The Pacific-wide environmental programme or SPREP says the Solomon Islands government must be pressured to change its approach to logging.
A report prepared by SPREP and other agencies in consultation with communities in Choiseul province has found that logging is reducing their ability to counter the impacts of climate change.
SPREP’s ecosystem-based adaptation officer Paul Donohoe says although logging legislation passed in recent years is robust it is not being enforced.
“There needs to be pressure put on the national government. They have their own pressures to keep their economy running and logging makes up a huge percentage of their economy but you know, some hard talk needs to be made and pressure needs to be put on to start really protecting this resource.”

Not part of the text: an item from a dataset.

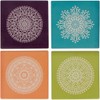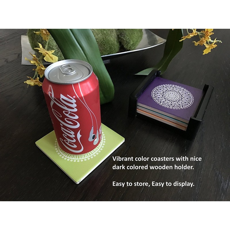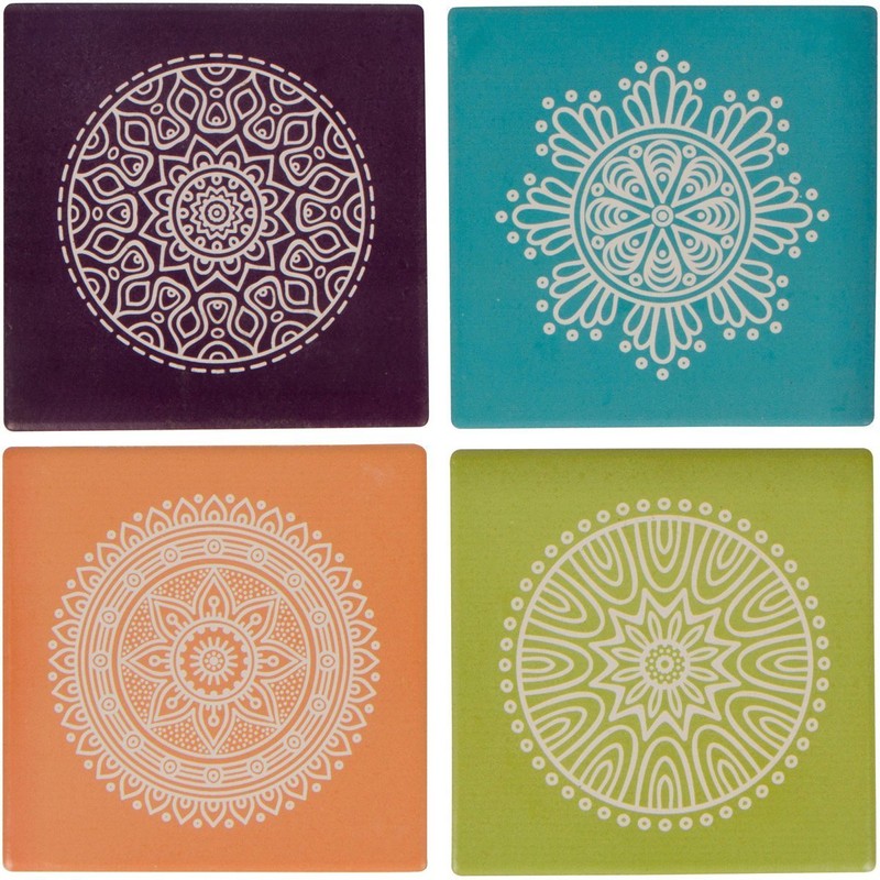 • Set of 4 designer coasters. Each coaster has a different mandala circle design and a different vibrant color.

Paul Donohoe says Solomon Islands has been thoroughly logged and Choiseul is one of the few provinces that still has a fair stand of primary forest.
Other experts have also confirmed the adverse effects of unsustainable land use and climate change. Daniel Nepstad, an ecologist at the Woods Hole Research Centre in Massachusetts, said only a cut in greenhouse gases can save the world’s wildlife.

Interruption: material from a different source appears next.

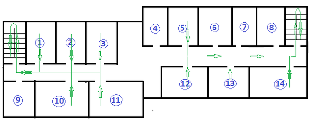 Так как на третьем этаже здания находятся два выхода, разделим эвакуируемые помещения на две зоны: 1 зона (помещения № 1,2,3,10,11) эвакуируются через левый выход, 2 зона (помещения №5,12,13,14) - через правый выход. Эвакуация из бытовых и технических помещений не производится.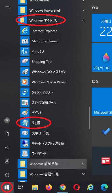 または、「スタート」ボタンをクリックし、「メモ帳」と入力後、「メモ帳」をクリックすると起動します。

"Evidence shows that the world's natural ecosystems will undergo profound changes — including severe alterations in their species composition — through the combined influence of climate change and land use," he said.
“Conservation of the world's biota, as we know it, will depend upon rapid, steep declines in greenhouse gas emissions."
The study, which looked into the combined effect of both global warming and deforestation, found most species are in danger of extinction.
It is now widely accepted that the battle against climate change cannot be won unless global deforestation is halted.